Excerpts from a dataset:
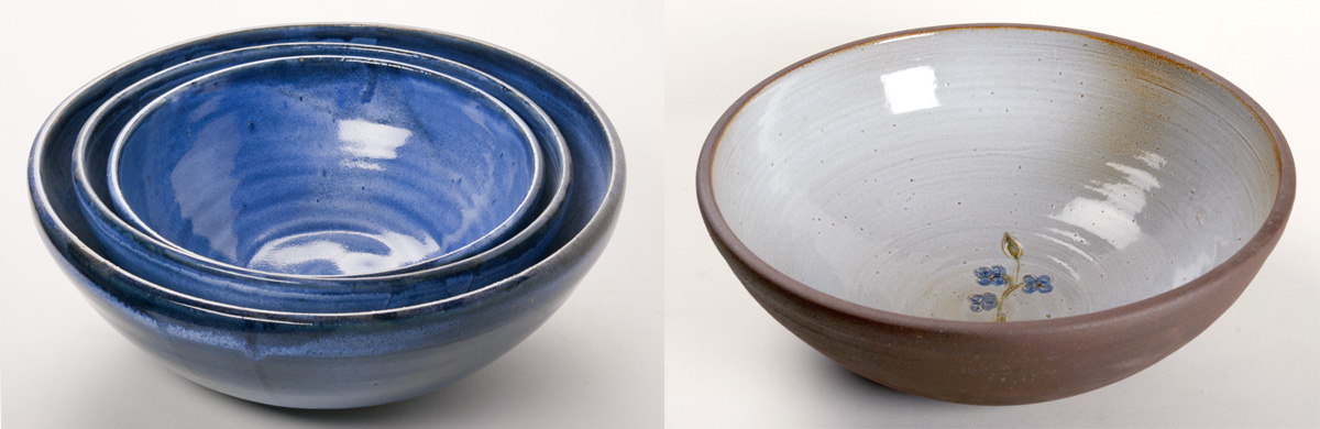 Coupes à dessert bleues N°1-3 + Coupe à dessert avec fleur
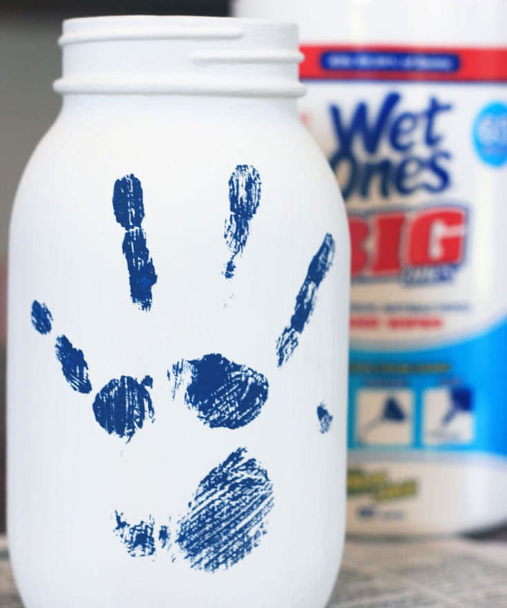 Perfect for any grandparent who enjoys fresh blooms, this vase from Midwestern Moms incorporates baby’s handprint into the house decor. Grab a clean mason jar, some paint and, of course, baby’s teeny tiny hands.
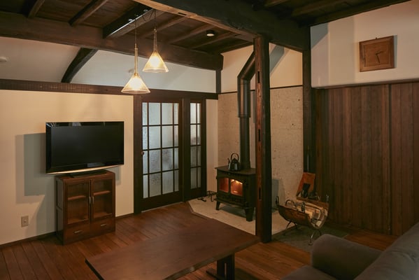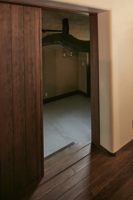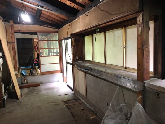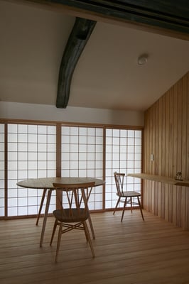 昭和に改装された内装を剥がすと煤に燻されたしっくい壁に柱梁、今回はそれを現わしにして内装を整え、リビングダイニングキッチンとしました。
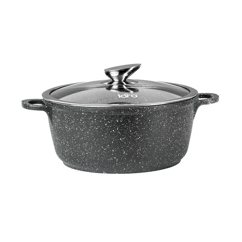 Кастрюля выполнена из литого алюминия и обладает прекрасными теплопроводными свойствами. Прочное антипригарное покрытие с минеральными частицами надежно защищает дно и стенки от повреждений. Крышка с паровыпуском изготовлена из жаропрочного стекла, имеет стальной обод и удобную ручку G-формы. Индукционное дно подходит для всех типов плит.
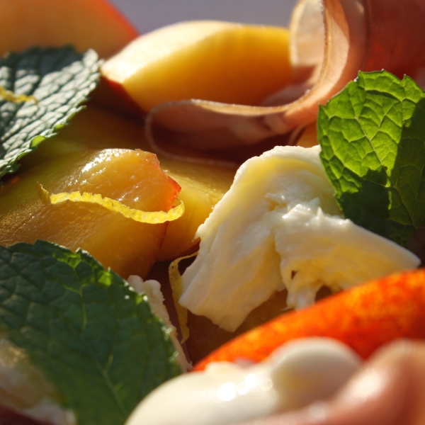 Arrange the nectarines, mozzarella and prosciutto on a serving platter and then scatter over the mint and lemon zest. Serve straight away with fresh bread, grilled meat or chicken, or just enjoy before dinner with a glass of sauvignon blanc, good friends and music. (I recommend The Idea of North Christmas album for this time of year)
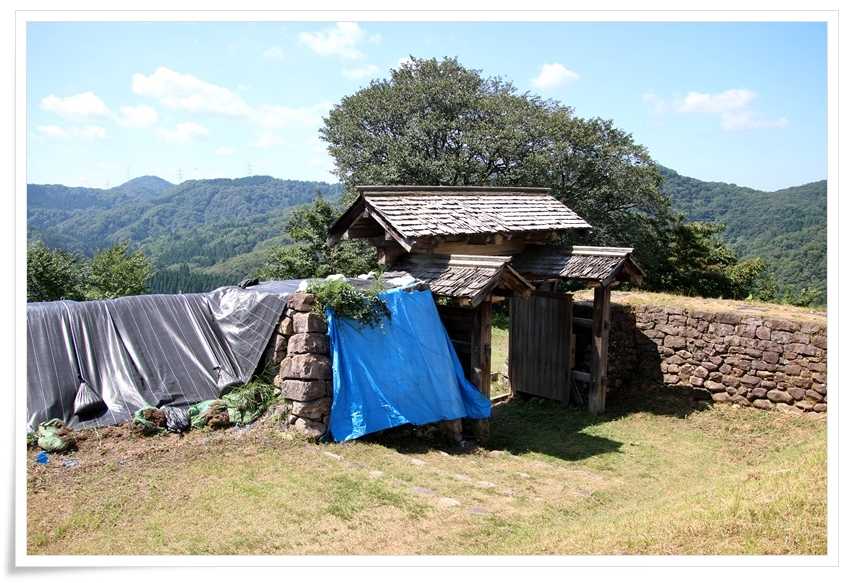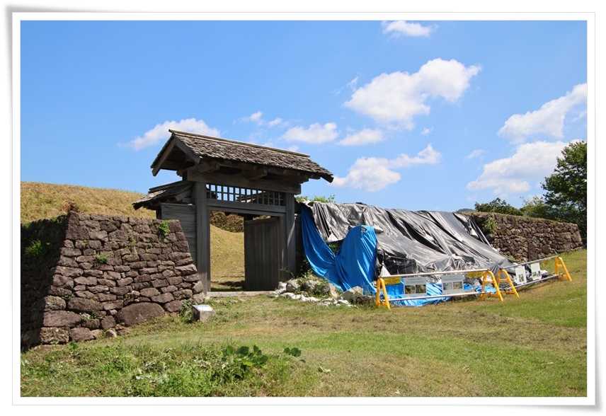 門の横の石垣にはまだブルr-シートが掛けられた状態になっていました

__What you need to do__
Without the pictures, repeat the entries above line by line, from the first through the one that contains "Кастрюля выполнена из", both ends included.

__Result of the exercise__
 Coupes à dessert bleues N°1-3 + Coupe à dessert avec fleur
 Perfect for any grandparent who enjoys fresh blooms, this vase from Midwestern Moms incorporates baby’s handprint into the house decor. Grab a clean mason jar, some paint and, of course, baby’s teeny tiny hands.
 昭和に改装された内装を剥がすと煤に燻されたしっくい壁に柱梁、今回はそれを現わしにして内装を整え、リビングダイニングキッチンとしました。
 Кастрюля выполнена из литого алюминия и обладает прекрасными теплопроводными свойствами. Прочное антипригарное покрытие с минеральными частицами надежно защищает дно и стенки от повреждений. Крышка с паровыпуском изготовлена из жаропрочного стекла, имеет стальной обод и удобную ручку G-формы. Индукционное дно подходит для всех типов плит.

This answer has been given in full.